» Data extracts
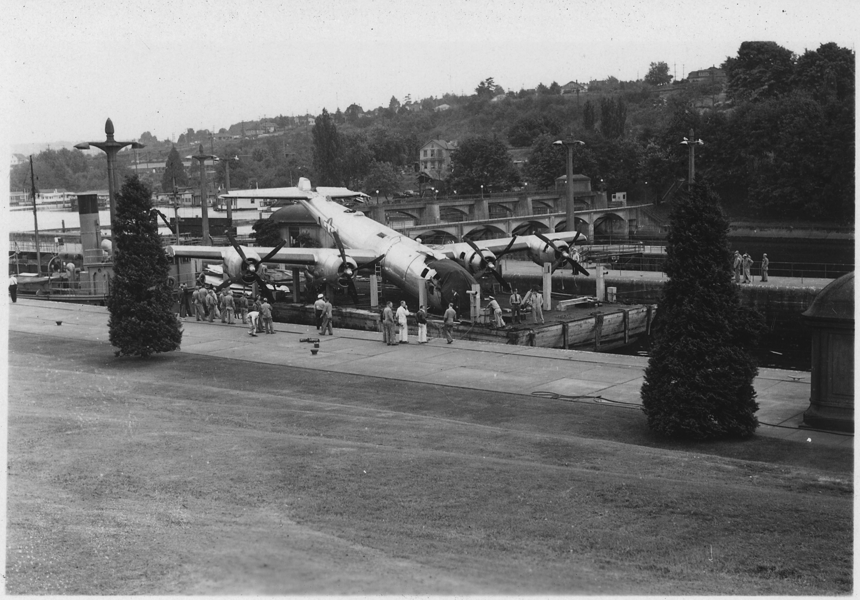 Scope and content: The US Army Corps of Engineers extensively photographed many of the Civil Works project and river and harbor improvement that they were involved with. The Lake Washington Ship Canal and the Hiram Chittenden Locks were built to allow passage between fresh water Lake Union and salt water Puget Sound.
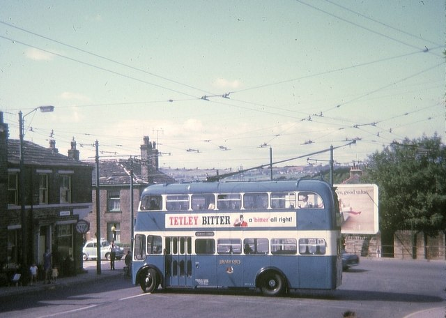 Bradford Trolleybus turning at Thackley Corner
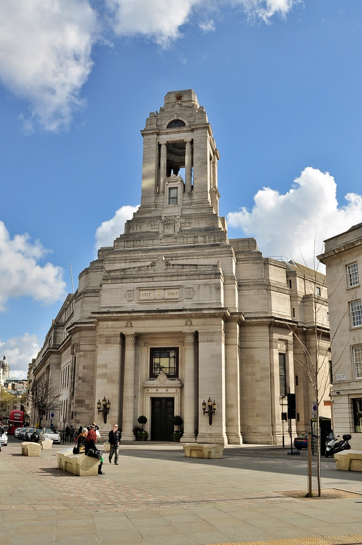 Freemasons’ Hall, headquarters of the United Grand Lodge of England, located in Great Queen Street. Note Camden benches.
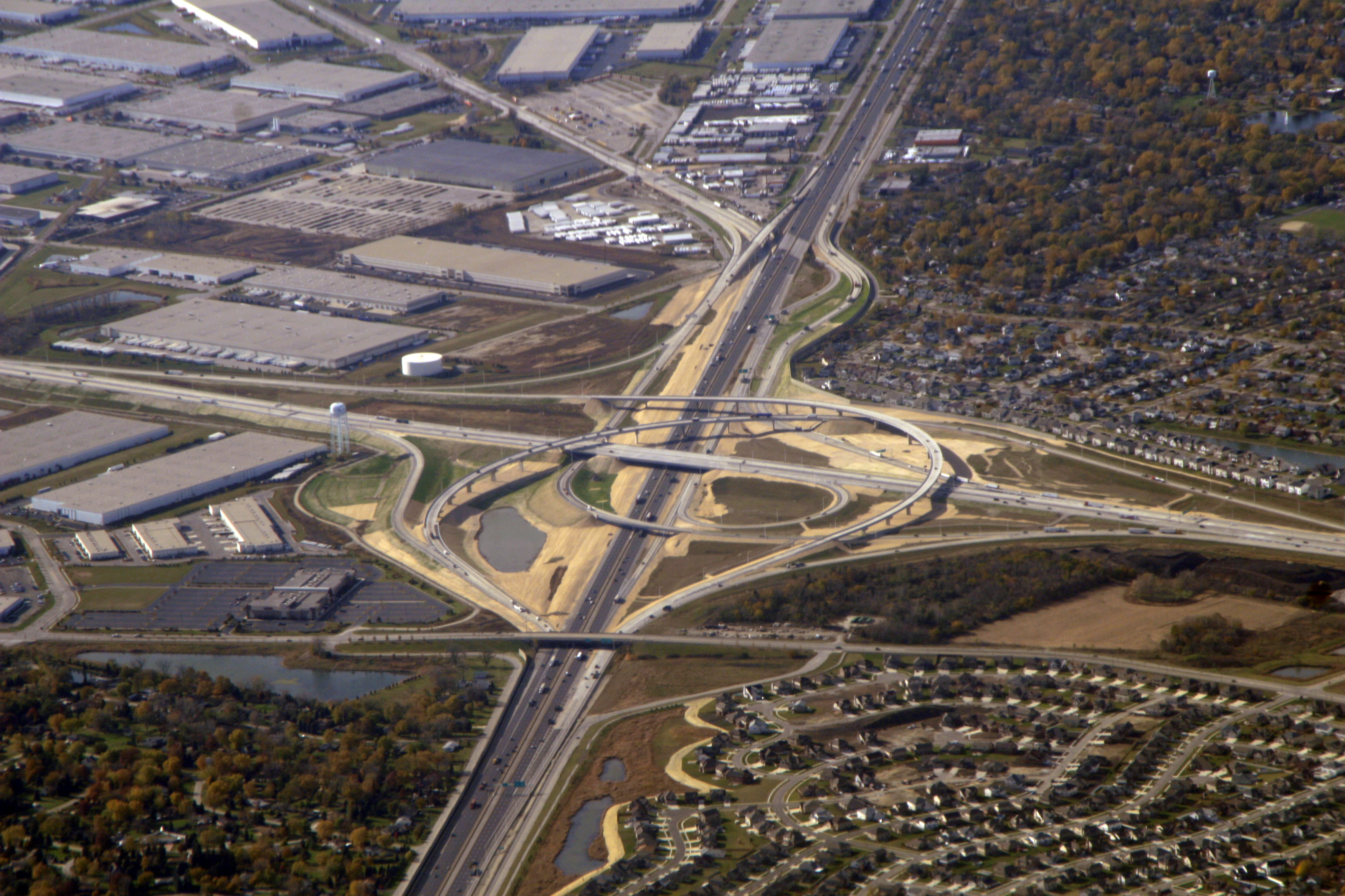 I believe this is the 55/355 intersection, where the North-South Tollway is being extended to the south (left).
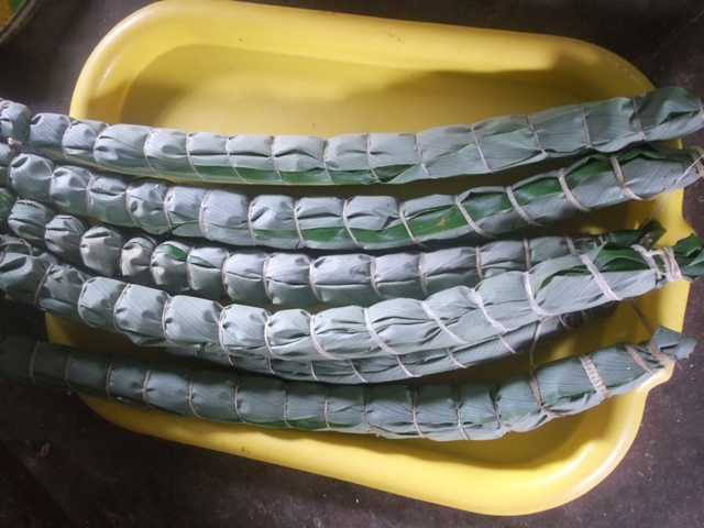 This is an image of food from Cameroon

» Exercise
Restate the whole listing above exactly, except for its images.

» Task response
 Scope and content: The US Army Corps of Engineers extensively photographed many of the Civil Works project and river and harbor improvement that they were involved with. The Lake Washington Ship Canal and the Hiram Chittenden Locks were built to allow passage between fresh water Lake Union and salt water Puget Sound.
 Bradford Trolleybus turning at Thackley Corner
 Freemasons’ Hall, headquarters of the United Grand Lodge of England, located in Great Queen Street. Note Camden benches.
 I believe this is the 55/355 intersection, where the North-South Tollway is being extended to the south (left).
 This is an image of food from Cameroon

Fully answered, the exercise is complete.